Personal information
- Born: 8 October 1987 (age 38) Cirebon, Indonesia

Chess career
- Country: Indonesia
- Title: Grandmaster (2004)
- FIDE rating: 2486 (July 2026)
- Peak rating: 2569 (October 2007)

= Susanto Megaranto =

Indonesian chess grandmaster (born 1987)

Susanto Megaranto (born 8 October 1987) is an Indonesian chess player. In 2004, he became the youngest Indonesian ever to qualify for the title Grandmaster at 17, beating out Utut Adianto's record by four years. He won the Indonesian Chess Championship four times in a row from 2006 to 2010. He graduated from Gunadarma University.

==Career==
In 2004 he tied for 2nd-3rd with Eugenio Torre in the SEA Games in Vietnam.

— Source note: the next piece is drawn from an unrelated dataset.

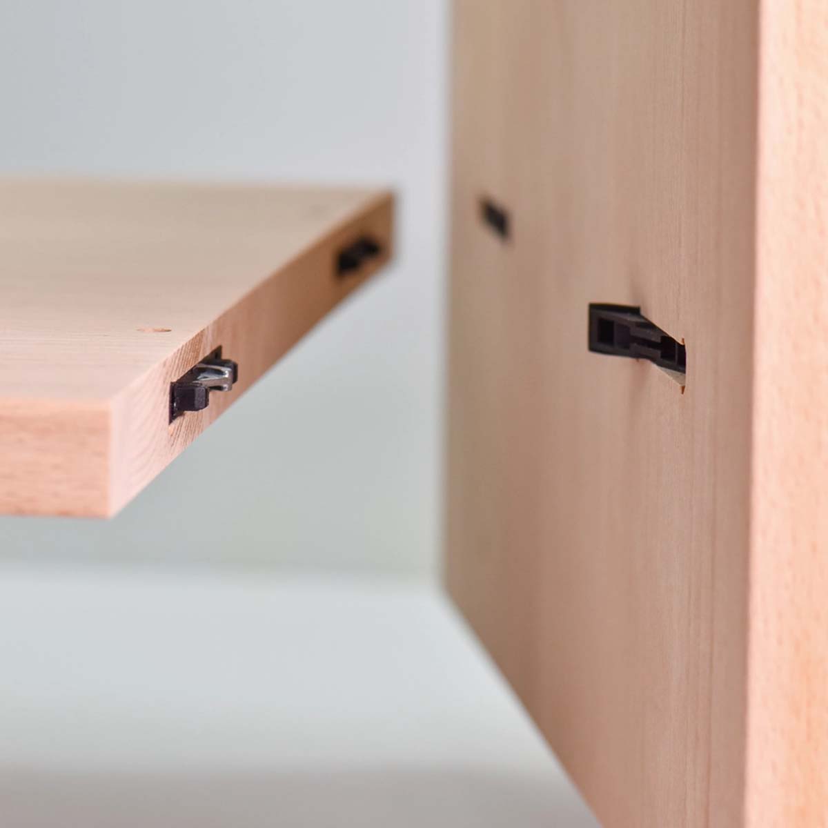 Grazie alla scanalatura P-System e al foro di accesso di soli 6 mm, la giunzione si installa in pochi secondi con fresatrice Zeta P2 Lamello o CNC. L’innesto tramite leva agisce come un sistema a eccentrico, offrendo giunzioni resistenti ma smontabili, ideali per prototipi, arredi complessi o mobili personalizzati.
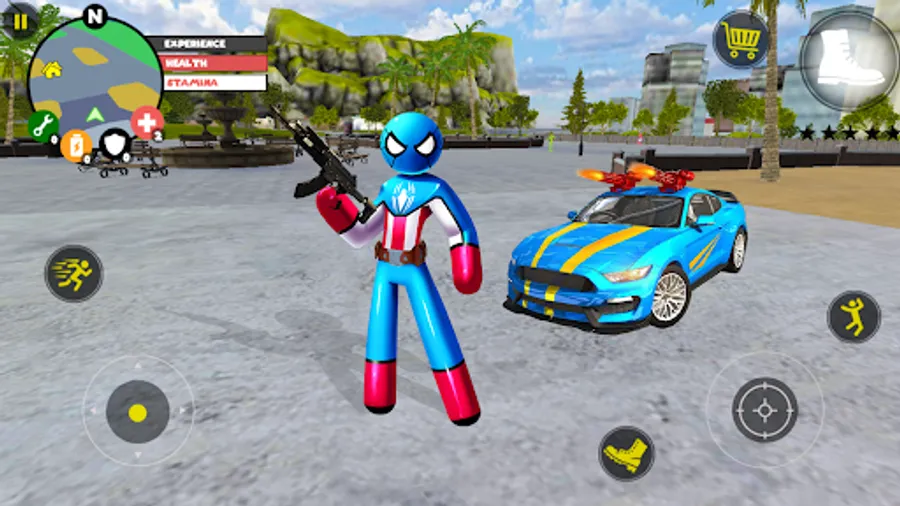 US Spider Capitaine american Stickman Rope Hero City Gangstar Mafia Gangstar Crime is a city simulator in third person view (and FPS mode), where you drive an amazing cars or a motorbike. You play is a hero / legend and whole city fears you. Become a chief on the streets of anti criminality in town.

In the same year he tied for first with Mark Paragua in the Singapore Masters Open and won the event on tie-break. In 2007 he tied for 3rd-8th with Abhijit Kunte, Zhao Jun, Wen Yang, Darwin Laylo and Zhou Jianchao in the Asian Chess Championship. In 2008, he tied for 3rd-7th with Marat Dzhumaev, Darwin Laylo, Dražen Sermek and Ashot Nadanian in the 5th Dato' Arthur Tan Malaysia Open Championship in Kuala Lumpur and tied for 3rd-6th with Nguyen Anh Dung, Irwanto Sadikin and Magesh Chandran Panchanathan in the Kuala Lumpur Open.
He took part in the Chess World Cup 2011, where he was eliminated in the first round by Lê Quang Liêm.
In 2015, he won the first Asian University Chess Championship, which was held in Beijing.